Walter Sydney Adams

Walter Sydney Adams

1928

Date of Birth
December 20, 1876
Date of Death
May 11, 1956

Walter Adams was born in Syria, the son of American missionaries. After receiving his bachelor's degree at Dartmouth College, he accompanied his astronomy professor, Edwin B. Frost, to Yerkes Observatory, where he began graduate study. After two years there and one more year of study at Munich, he was summoned by his Yerkes director, George Ellery Hale, to help establish the Mt. Wilson Solar Observatory. There he served first as Hale's deputy and later as director from 1923 to 1945. His spectroscopic studies of the sun, done with Hale and others, led to the discovery that the sunspots are regions of lower temperatures and stronger magnetic fields than their surroundings. Turning to the stars, he made the discovery, with Arnold Kohlschütter, of a spectroscopic method for determining stellar distances: they showed that the relative intensities of spectral lines could be used to determine absolute magnitudes of both giant and main sequence stars. Adams used photography to measure the differential rotation of the sun. He shared with Theodore Dunham, Jr. in the discoveries of carbon dioxide in the atmosphere of Venus and the molecules CN and CH in interstellar gas clouds. Adams identified Sirius B as the first white dwarf star known, and his measurement of its gravitational redshift was taken as confirming evidence for the general theory of relativity. In retirement he continued his research at the Hale Solar Laboratory in Pasadena, California.
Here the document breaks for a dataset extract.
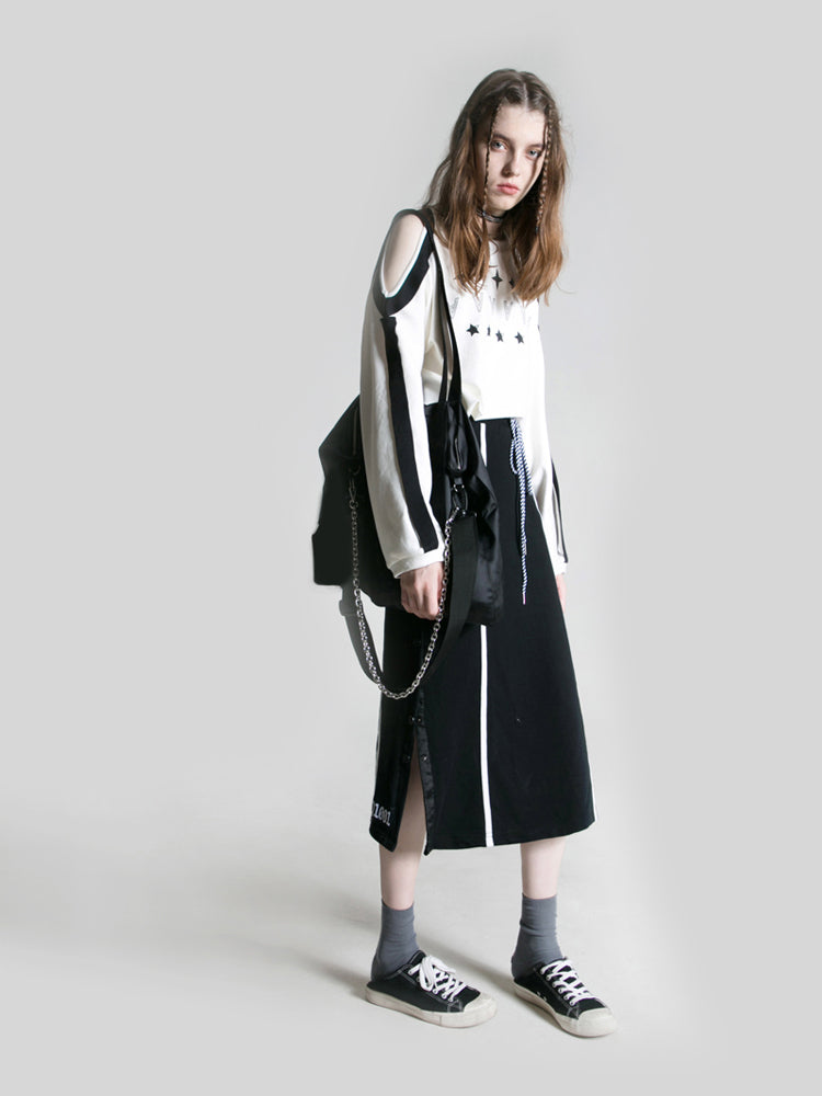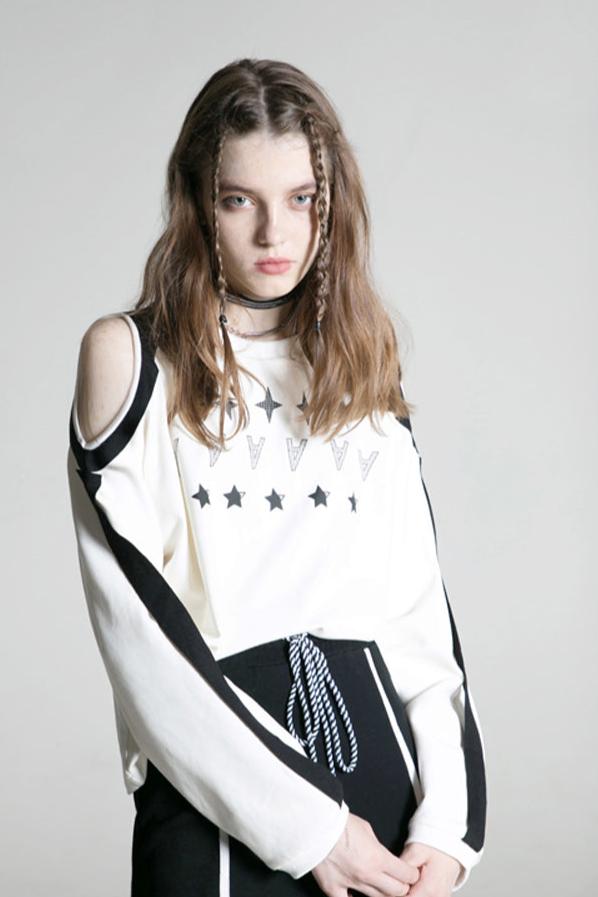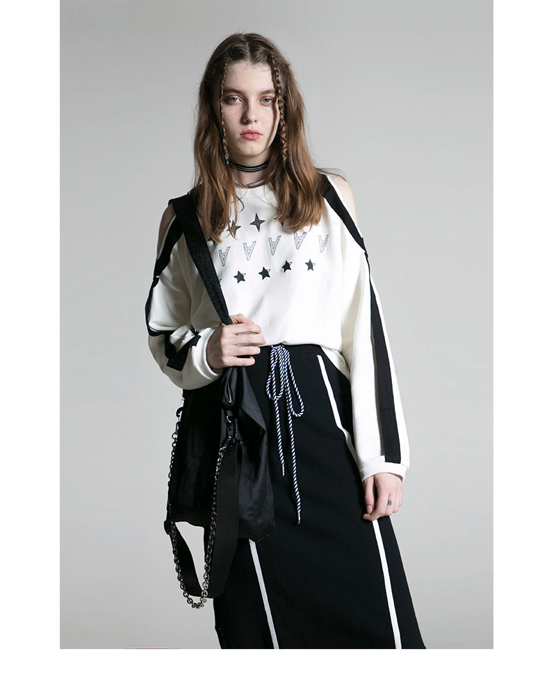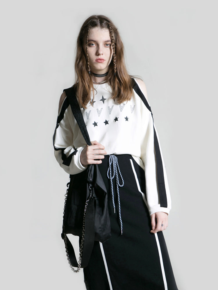 [AnyQ] Contrasting print stripe off-shoulder T-shirt
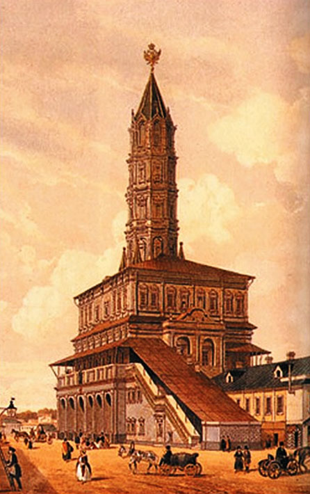 Сухарева башня в Москве, в которой размещалась Навигацкая школа. 18 век

Presentation of Bruce medal

Merrill, Paul W.PASP 40, 2-10 (1928).

Other awards

American Astronomical Society, Henry Norris Russell Lectureship, 1947.
French Academy of Sciences, Janssen Medal, 1935.
National Academy of Sciences, Henry Draper Medal, 1918.
Royal Astronomical Society, Gold medal, 1917, presented by R.A. Sampson, MNRAS 77, 395-410 (1917)
Société Astronomique de France, Janssen Prize, 1926.

Some offices held

American Astronomical Society, President, 1931-34.
Astronomical Society of the Pacific, President, 1923.

Biographical materials

Adams, Sue Kelly, About Walter Sydney Adams’ Role in Making Mt. Wilson and Palomar (Trafford Publishing, Victoria, BC, Canada, 2003).
American Philosophical Society, Adams Papers Background Note
Joy, A.H., Biographical Memoirs of the National Academy of Sciences 31, 1-31 (1958).
Seares, F.H., “Retirement of Dr. Walter S. Adams,” PASP 57, 296-301 (1945).
Stratton, F.J.M., Biographical Memoirs of the Royal Society 2, 1-18 (1956).
Tenn, Joseph S., “Walter S. Adams: The Twenty-Third Bruce Medalist,” Mercury  23, 2, 20 (1994).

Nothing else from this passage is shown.